Now take s = "rat" and t = "car". After s we have one r, one a, one t. Walking t, the first c decrements c from zero to negative one, and we return false immediately. The early termination is a small but useful optimization.

index :  a  b  c  d  e  f  g  h  i  ... m  n  ... r  ...
after s: [3, 0, 0, 0, 0, 0, 1, 0, 0, ... 1, 1, ... 1, ...]
after t: [0, 0, 0, 0, 0, 0, 0, 0, 0, ... 0, 0, ... 0, ...]

every bucket back to 0  ->  return True
Bucket array after scanning s='anagram' then t='nagaram'
scan s:    r:1  a:1  t:1     (others 0)

scan t:    c -> counts[c] = 0 - 1 = -1
                               |
                               v
                        bucket < 0 -> return False
Early exit path on s='rat', t='car'

Code

def isAnagram(s: str, t: str) -> bool:
    if len(s) != len(t):
        return False
    counts = [0] * 26
    for ch in s:
        counts[ord(ch) - ord('a')] += 1
    for ch in t:
        counts[ord(ch) - ord('a')] -= 1
        if counts[ord(ch) - ord('a')] < 0:
            return False
    return True
class Solution {
    public boolean isAnagram(String s, String t) {
        if (s.length() != t.length()) return false;
        int[] counts = new int[26];
        for (int i = 0; i < s.length(); i++) counts[s.charAt(i) - 'a']++;
        for (int i = 0; i < t.length(); i++) {
            int idx = t.charAt(i) - 'a';
            counts[idx]--;
            if (counts[idx] < 0) return false;
        }
        return true;
    }
}
class Solution {
public:
    bool isAnagram(string s, string t) {
        if (s.size() != t.size()) return false;
        int counts[26] = {0};
        for (char c : s) counts[c - 'a']++;
        for (char c : t) {
            if (--counts[c - 'a'] < 0) return false;
        }
        return true;
    }
};

Edge Cases

  • Different lengths: handled by the length check up front. Without it you would still need to compare totals at the end.
  • Empty strings: two empty strings are anagrams by definition, and the loops do nothing, so we return true.
  • Case sensitivity: the problem treats A and a as different. If a follow-up changes that, normalize with s.lower() before counting.
  • Whitespace and punctuation: the standard problem assumes none, but real anagram puzzles often ignore them. Strip them out before counting.
  • Unicode: a fixed array of 26 will not work. Use a hash map or Counter.

Complexity Analysis

Both optimal versions run in O(n) time, where n is the length of either string. The array version uses O(1) extra space because the array is always size 26. The hash map variant uses O(k) extra space, where k is the number of distinct characters. The sorting baseline is O(n log n) time and O(n) space. If you are new to these notations, our refresher on Big O notation walks through the reasoning.

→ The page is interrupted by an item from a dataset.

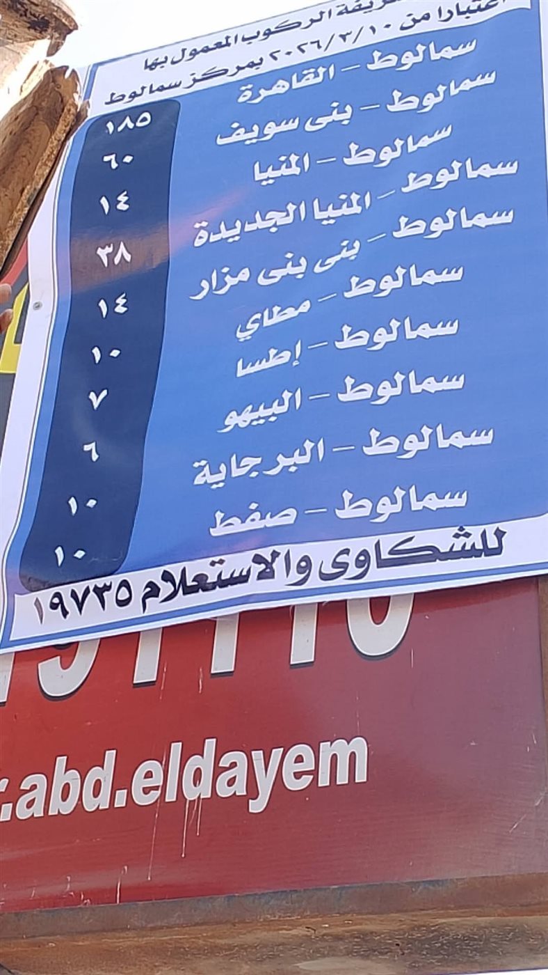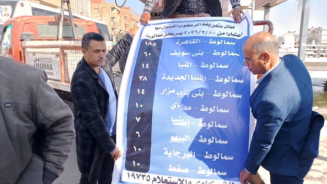 تفقد عويس قاسم الغرياني رئيس مركز ومدينة سمالوط سير العمل بمواقف السيارات بسمالوط، للاطمئنان على انتظام حركة نقل الركاب والالتزام بالتعريفة الجديدة للمواصلات ودون أي استغلال من السائقين، والتأكد من تركيب بانرات بجميع المواقف بالتعريفة الجديدة وأرقام الشكاوى ووضع استيكرات بالتعريفة الخاصة بكل خط على السيارات، مع التشديد على التزام السائقين بالأجرة المقررة وتطبيق العقوبات الرادعة على المخالفين، جاء ذلك بحضور نواب رئيس المركز ومدير إدارة المواقف بسمالوط ومسئولي إدارة مرور سمالوط ومباحث المرور بسمالوط.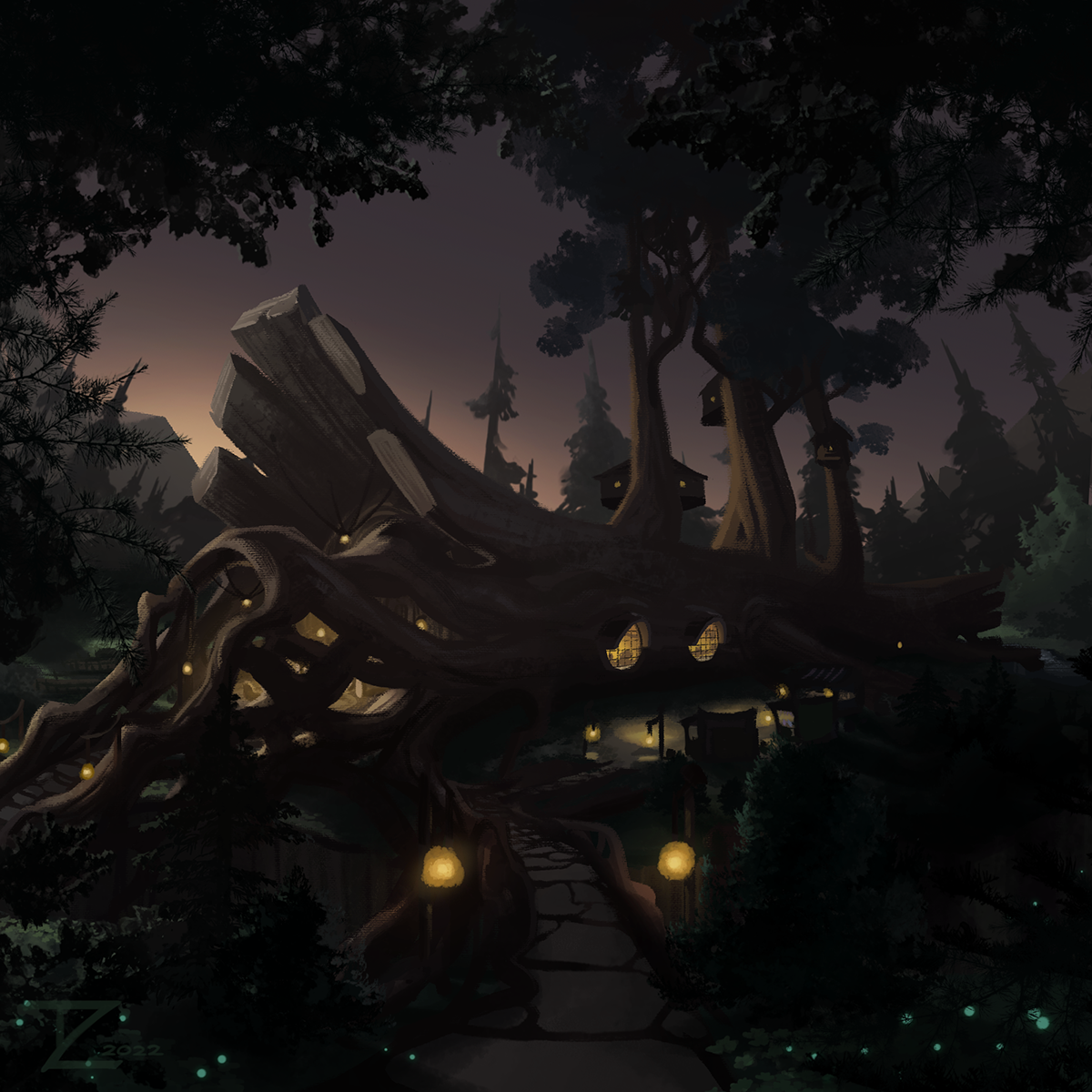 The forest is at its darkest here. Up ahead, a colossal dead oak lies on its side. Three living trees grow naturally out of its fallen remains. Their shapes resemble towers, with candlelit windows twinkling in the gloom and wooden balconies encircling gnarled branches. On one side of the fallen tree, firelight spills from a pair of quaint storefront windows, illuminating a clearing filled with merchant stalls. A gnarled bridge formed by tangled tree roots spans a rocky, dried-up riverbed leading in that direction. A similar bridge to the west leads directly into the oak itself and seems to be guarded by two small constructs in the shape of soldiers.

How to Explain It in an Interview

  • Restate the problem and confirm the alphabet: lowercase English only, or full Unicode.
  • Mention sorting as the obvious baseline at O(n log n).
  • Pivot to counting: walk s, increment buckets, walk t, decrement, and check for any negative.
  • Justify the O(1) space claim by pointing to the fixed 26-letter alphabet.
  • Offer the hash map variant as your answer to the Unicode follow-up.

This sequence shows that you can produce a working solution quickly and then refine it without being prompted.

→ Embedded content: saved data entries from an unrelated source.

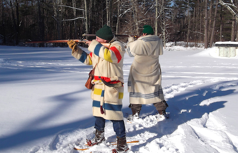 Above: Competitors wearing capotes (a traditional long coat fashioned out of a blanket) compete in the Shandaken Primitive Biathlon. Image via shandakenprimitivebiathlon.net.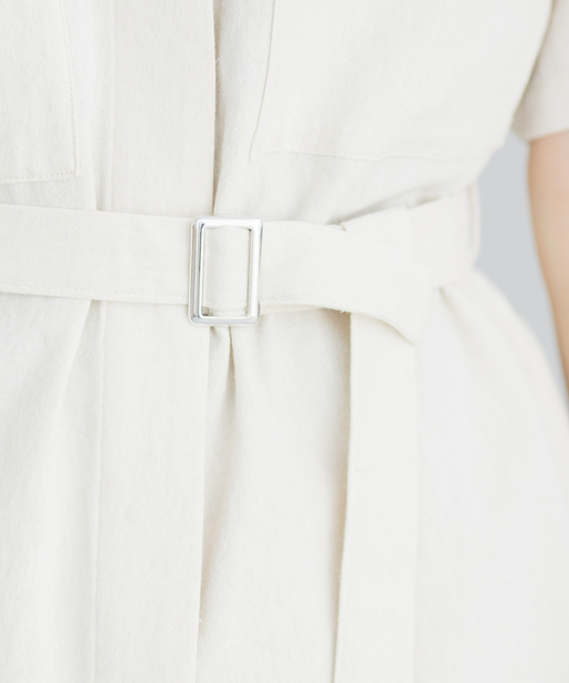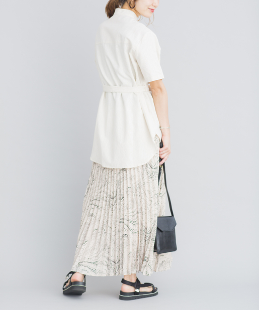 ●メンズライクな印象ながら付属の共地リボンベルトで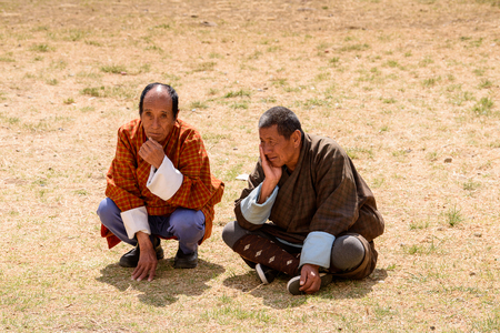 TRIMPHU, BHUTAN - MAR 8, 2017: Unidentified Ngalops two men sit on the ground. Ngalops is one of the most populous ethnic groups of Bhutan

  • Group Anagrams, which extends this counting idea across many strings.
  • Ransom Note, which is the same character-count check in disguise.
  • Find All Anagrams in a String, which combines this with a sliding window.

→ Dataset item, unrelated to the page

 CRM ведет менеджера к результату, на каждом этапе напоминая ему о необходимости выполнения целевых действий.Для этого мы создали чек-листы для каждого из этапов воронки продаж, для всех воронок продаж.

For more context on the underlying tools, revisit strings introduction and operations and hashing and hash maps.

Wrap up

Valid Anagram is a tiny problem with a big lesson: when the alphabet is small, fixed-size counting beats sorting every time. The two-line sorted comparison is a fine first answer, but moving to a linear count and explaining why it is constant space is what turns a working solution into a strong interview signal.